Below are some problems I encountered. If you are also doing this, you can refer to it, or if you have a better solution, you can tell me.

Characters need to generate pictures from different angles, and then the pictures are consistent (Solution: Make the generated angle pictures consistent by passing in pictures and adjusting prompt words)

The problem of incoherent storyboards: (VGoT 5D) One standard is to add some additional information to the storyboards, such as character dynamics, background environment, beginning and end descriptions, character relationships, lens information, lighting information, etc. This will allow you to have more coherent problems when creating videos

The problem of video incoherence: through some video generation that supports first and last frames, such as the veo3.1 I am currently using, in this way, the picture of the current storyboard and the picture of the next storyboard can be connected to the next storyboard.

Then the most difficult one is the problem of video and lines, because you can't predict the content generated by the video.

Because veo3.1 has a very strict review mechanism, for example, if you give lines, audio filtering may be triggered and the video cannot be generated. So I thought of making the character's mouth move, but unfortunately it also triggered the limitations of the mouth. I looked up some plans and they all involved modifying the lips later to achieve the effect of speaking. I didn’t study it in detail, and it seemed like a rather troublesome plan.

At present, it is changed to natural language to describe expressions, but it does not involve the mouth, so the character's speech is not obvious, just the expression. And sometimes there are subtitles and English lines (added by veo himself)

Then I wanted to see if there were some professional prompt words, but I didn't expect to find a good one from the PureACT official tutorial. It was divided into about 7 pieces, controlled with JSON, and then submitted to veo. The overall story description helps, but it's the dialogue that solves the problem. **

However, our video and audio still cannot match each other, mainly because the protagonist is talking from 0.5s to 2.5s in the video, but the video may not necessarily follow our instructions. At this time, the audio is at another time, and the two sides do not match up.

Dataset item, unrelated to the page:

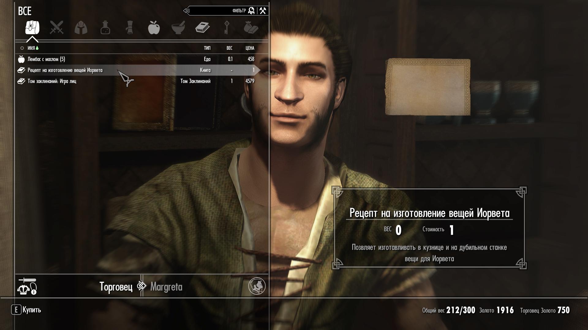 - Снаряжение Иорвета в кузнице теперь можно крафтить только при наличие в инвентаре рецепта на изготовление брони (приобрести можно у того же Белетора в Вайтране). Это позволяет не засорять без надобности интерфейс кузни. Отдельная благодарность пользователю GOLDEN_KINDER за целебные пинки в сторону создания приличного дизайна для рецепта :)

Then I tried using elevenlabs to press the timestamp of the word and then pass it to the video generation. After trying it for a long time, I found that elevenlabs’ support for Chinese is too poor. Then I found Microsoft's edge tts for voice generation. It has specialized Chinese voices, and the effect was pretty good.

Finally, I used ffmpeg to clear the sound of the video, and then merged the audio into it. However, I found that the time did not match. The result was that the English and Chinese words in the video did not match, so I adjusted the prompt to imply the language. But there is currently no good way to make him adhere to our lines timeline. Here we need to draw cards, and drawing them once is not cheap.

At present, AI comics have not yet reached the point where they can be used in products. I am very curious about how other people do it. Do they do the post-processing through silhouettes after adding video and audio cards themselves?

at last

Having said so much, let’s talk about some tips.

If everyone has a Google account and can use gemini cli, you can create a translation skill in claude code and call it through gemini. I translate a lot of things this way now, so as not to waste claude code tokens.

The other one is to establish a code review skill of codex. Because the code review of codex is generally better than that of claude code, I also let claude code join in.